Metabolism and Pharmacokinetics
Dexmedetomidine is rapidly distributed and extensively metabolized
in the liver and excreted in both urine and feces. It undergoes conjugation (41%),
N-methylation (21%), or hydroxylation followed by conjugation. Dexmedetomidine is
94% protein bound, and its concentration ratio between whole blood and plasma is
0.66. Dexmedetomidine has profound effects on cardiovascular parameters and thus
may alter its own pharmacokinetics. At high doses it causes marked vasoconstriction,
which probably reduces the drug's volumes of distribution.
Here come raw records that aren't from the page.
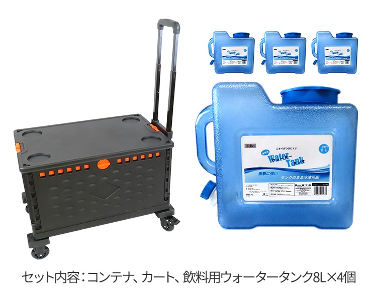 | セット内容 | 飲料用ウォータータンク4個、カート、折りたたみコンテナ |
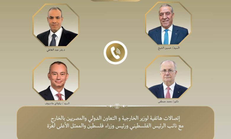 جرت اتصالات هاتفية بين د. بدر عبد العاطي وزير الخارجية والتعاون الدولي والمصريين بالخارج، مع كل من حسين الشيخ نائب الرئيس الفلسطيني، والدكتور محمد مصطفى رئيس الوزراء الفلسطيني، و نيكولاي ملادينوف الممثل الأعلى لغزة، وذلك لبحث مستجدات القضية الفلسطينية والأوضاع في قطاع غزة والضفة الغربية.
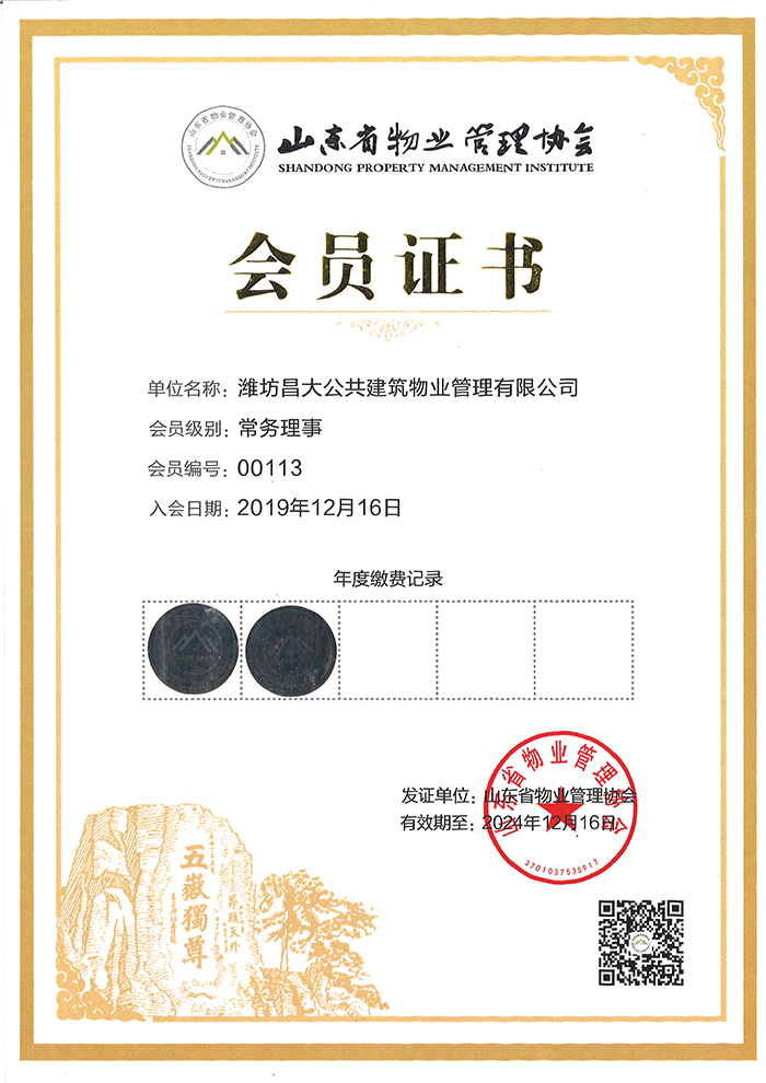 2023年度山東省物業(yè)管理協(xié)會(huì)優(yōu)秀會(huì)員單位證書

Thus, in essence, dexmedetomidine
displays nonlinear pharmacokinetics.[19]
Because
it is likely that this drug will be administered only within a narrow therapeutic
range of 0.5 to 1.0 ng/mL, it is preferable to describe the pharmacokinetic parameters
within this dosage range. Within this range, Dyck and colleagues[19]
found that its pharmacokinetics in volunteers is best described by a three-compartment
model (see Table 10-1
).
These pharmacokinetic parameters appear to be unaltered by age, weight, or renal
failure, but clearance is a function of height.[19]
[663]
The elimination half-life of dexmedetomidine
is 2 to 3 hours, with a context sensitive half-time ranging from 4 minutes after
a 10-minute infusion to 250 minutes after an 8-hour infusion. Postoperative patients
sedated with dexmedetomidine display pharmacokinetics very similar to that seen in
volunteers.[20]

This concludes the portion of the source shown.